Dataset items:
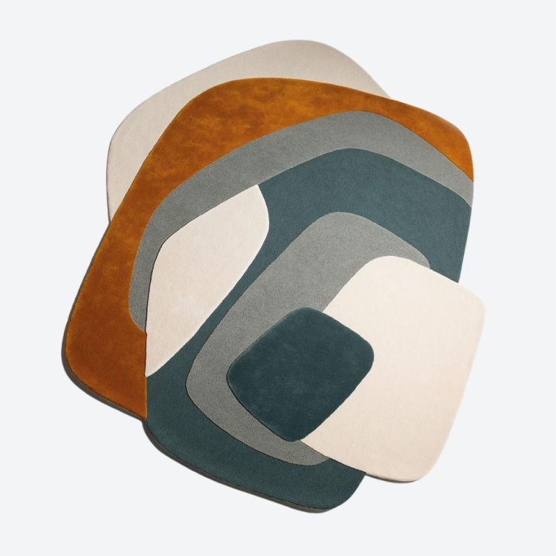 Tranquil Rug. Inspired by nature’s effortless geometry and the gentle layering of earth’s textures, “Tranquil” is a harmonious fusion of shape, colour, and flow. With its soft, irregular contours and overlapping tones of ochre, slate, cream, and forest green, this piece evokes the calm, grounding beauty of a topographic landscape.
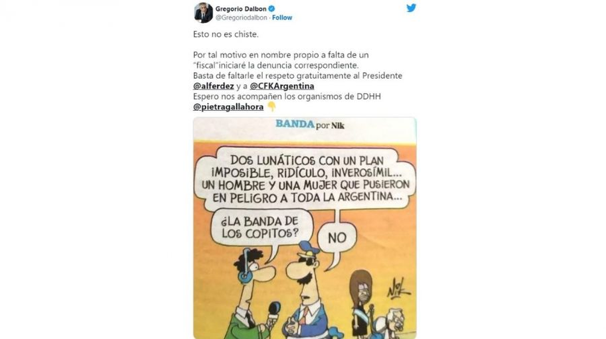 Inmediatamente, el abogado Gregorio Dalbón, advirtió que lo llevará ante la Justicia: «No es un chiste. Por tal motivo en nombre propio a falta de un “fiscal” iniciaré la denuncia correspondiente. Basta de faltarle el respeto gratuitamente al Presidente Alberto Fernández y la vicepresidenta Cristina Fernández. Espero que nos acompañen los organismos de derechos humanos», agregó.
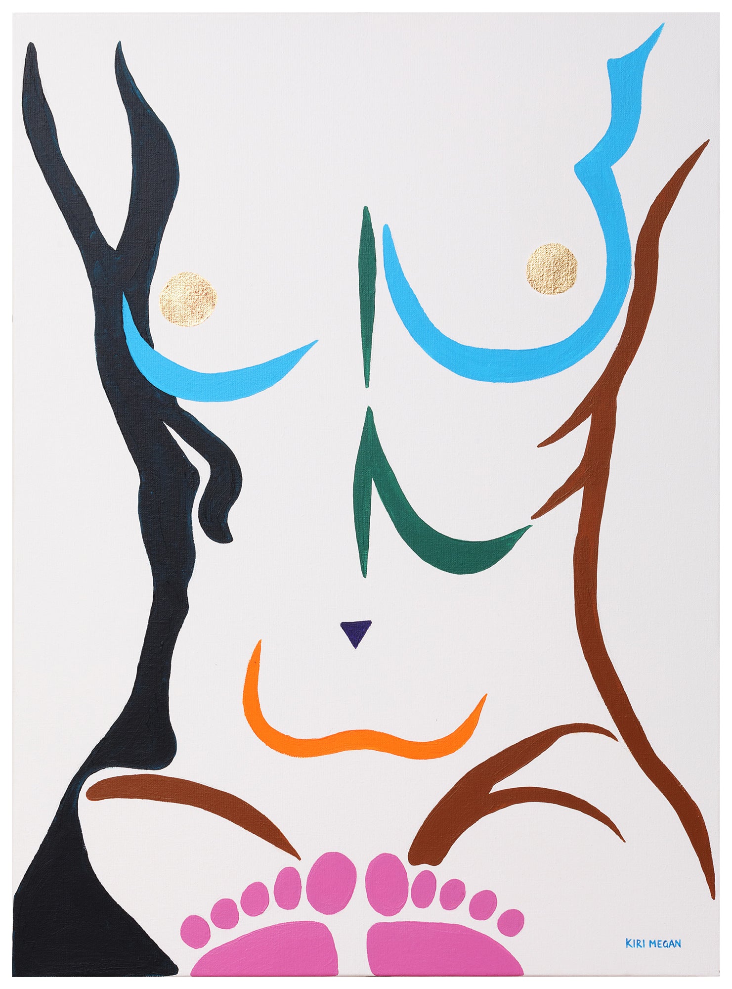 Created with clean graphic lines over layered washes of colour, this painting combines precision with softness. The figure feels both intimate and abstract, a fleeting moment captured in form. Shadow paintings are timeless and versatile, ideal for interiors that balance elegance with bold design.
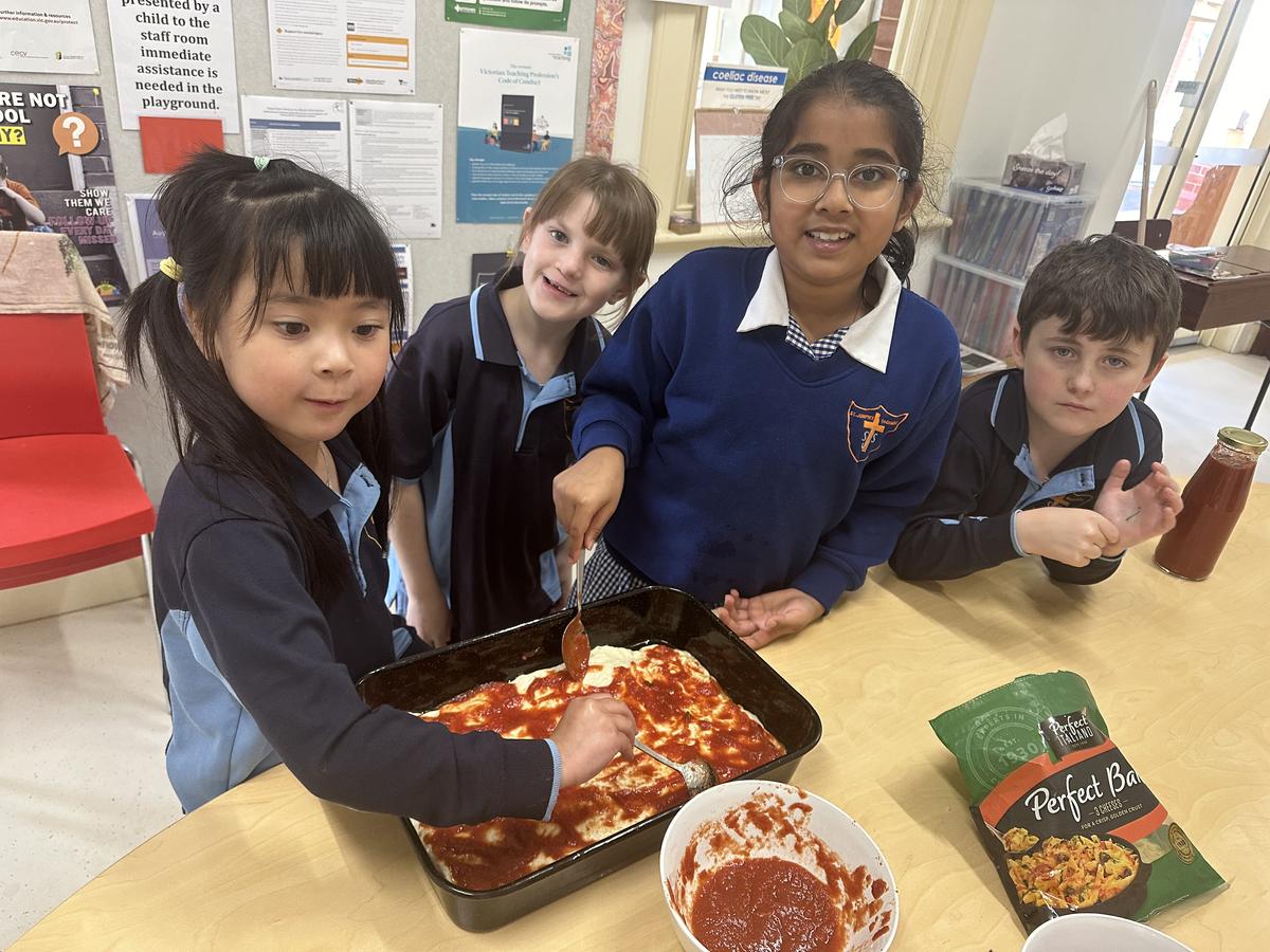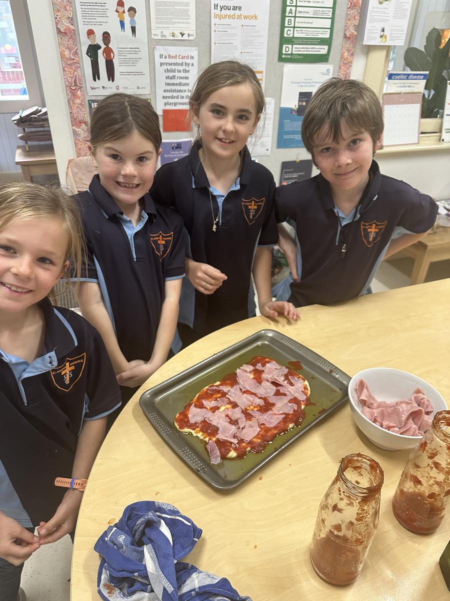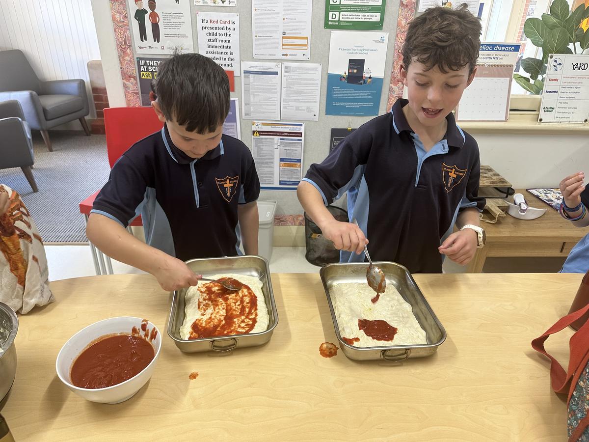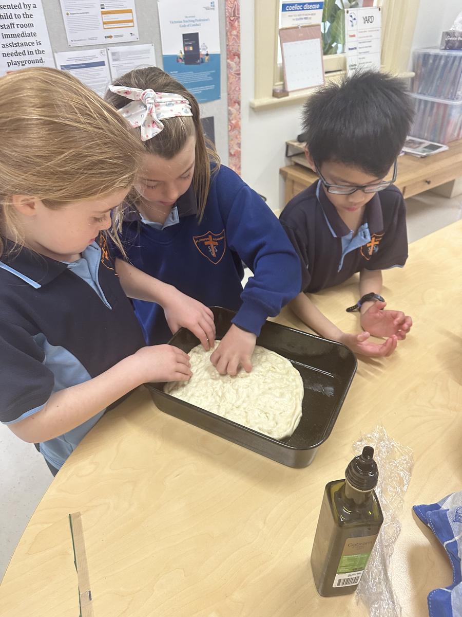 To end our wonderful term together, we made pizzas. Students worked in groups to follow the pizza dough recipe, demonstrating a high level of patience and the ability to evenly share tasks among all group members.
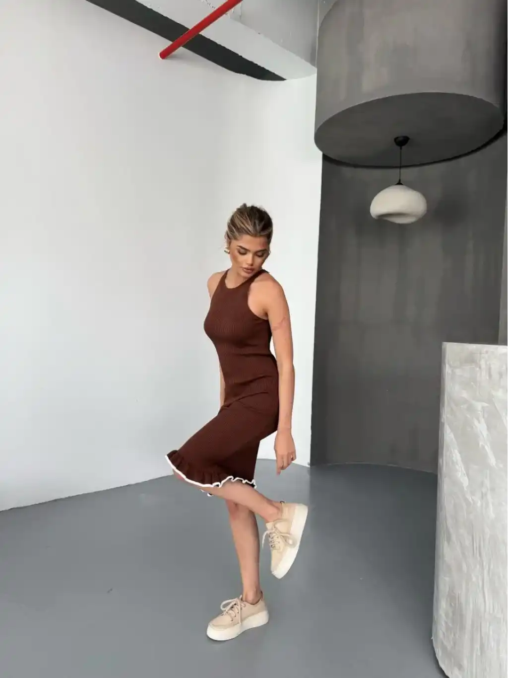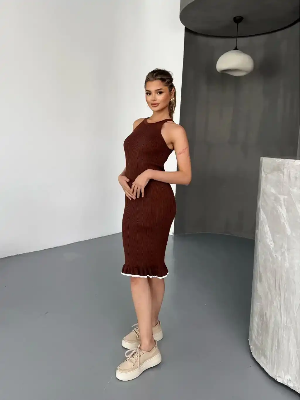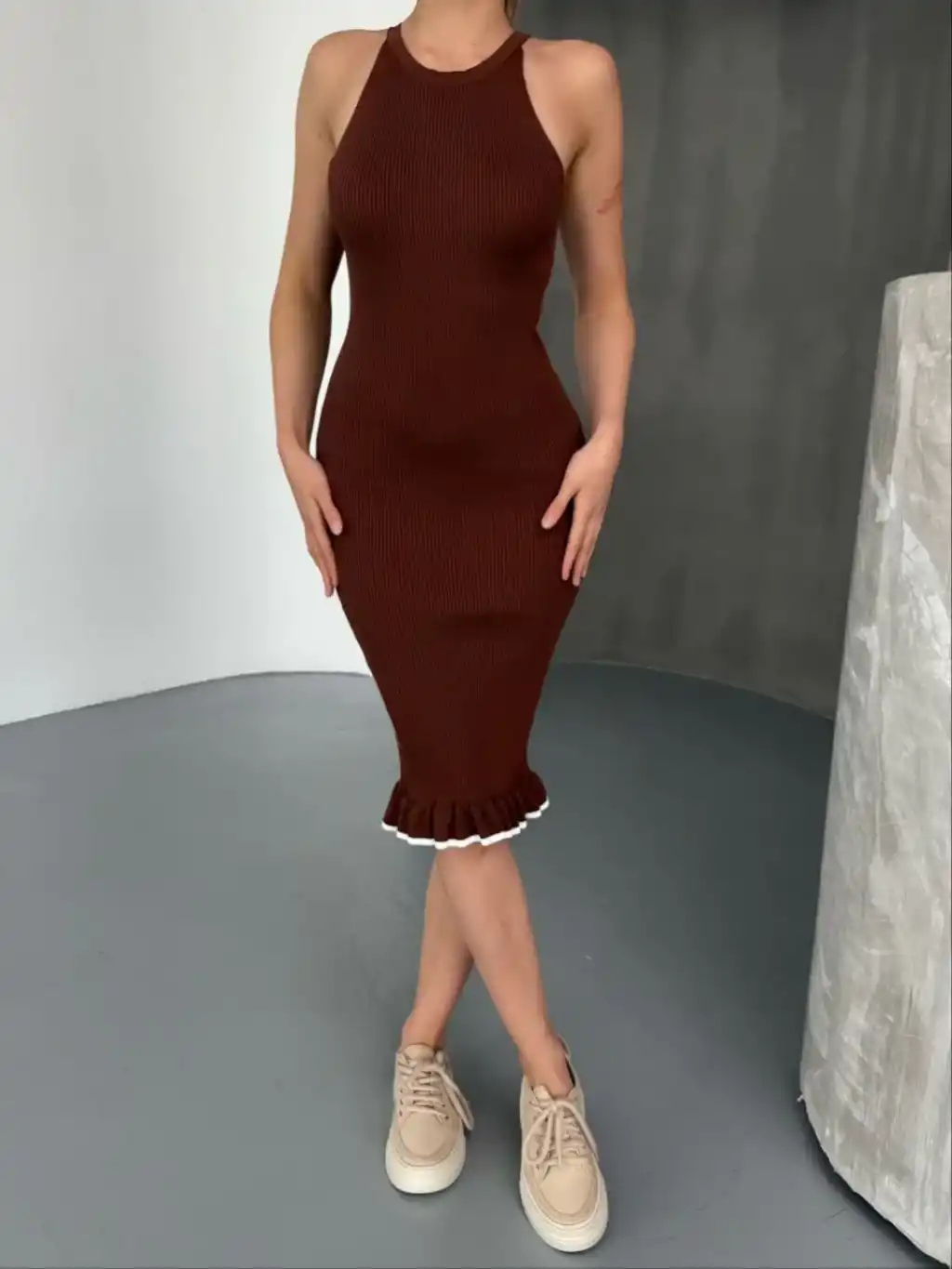 Fırfır Detaylı Triko Elbise- Kahverengi

Goal of the exercise:
Pictures are not part of the copy. Return every record exactly.

Answer area:
 Tranquil Rug. Inspired by nature’s effortless geometry and the gentle layering of earth’s textures, “Tranquil” is a harmonious fusion of shape, colour, and flow. With its soft, irregular contours and overlapping tones of ochre, slate, cream, and forest green, this piece evokes the calm, grounding beauty of a topographic landscape.
 Inmediatamente, el abogado Gregorio Dalbón, advirtió que lo llevará ante la Justicia: «No es un chiste. Por tal motivo en nombre propio a falta de un “fiscal” iniciaré la denuncia correspondiente. Basta de faltarle el respeto gratuitamente al Presidente Alberto Fernández y la vicepresidenta Cristina Fernández. Espero que nos acompañen los organismos de derechos humanos», agregó.
 Created with clean graphic lines over layered washes of colour, this painting combines precision with softness. The figure feels both intimate and abstract, a fleeting moment captured in form. Shadow paintings are timeless and versatile, ideal for interiors that balance elegance with bold design.
 To end our wonderful term together, we made pizzas. Students worked in groups to follow the pizza dough recipe, demonstrating a high level of patience and the ability to evenly share tasks among all group members.
 Fırfır Detaylı Triko Elbise- Kahverengi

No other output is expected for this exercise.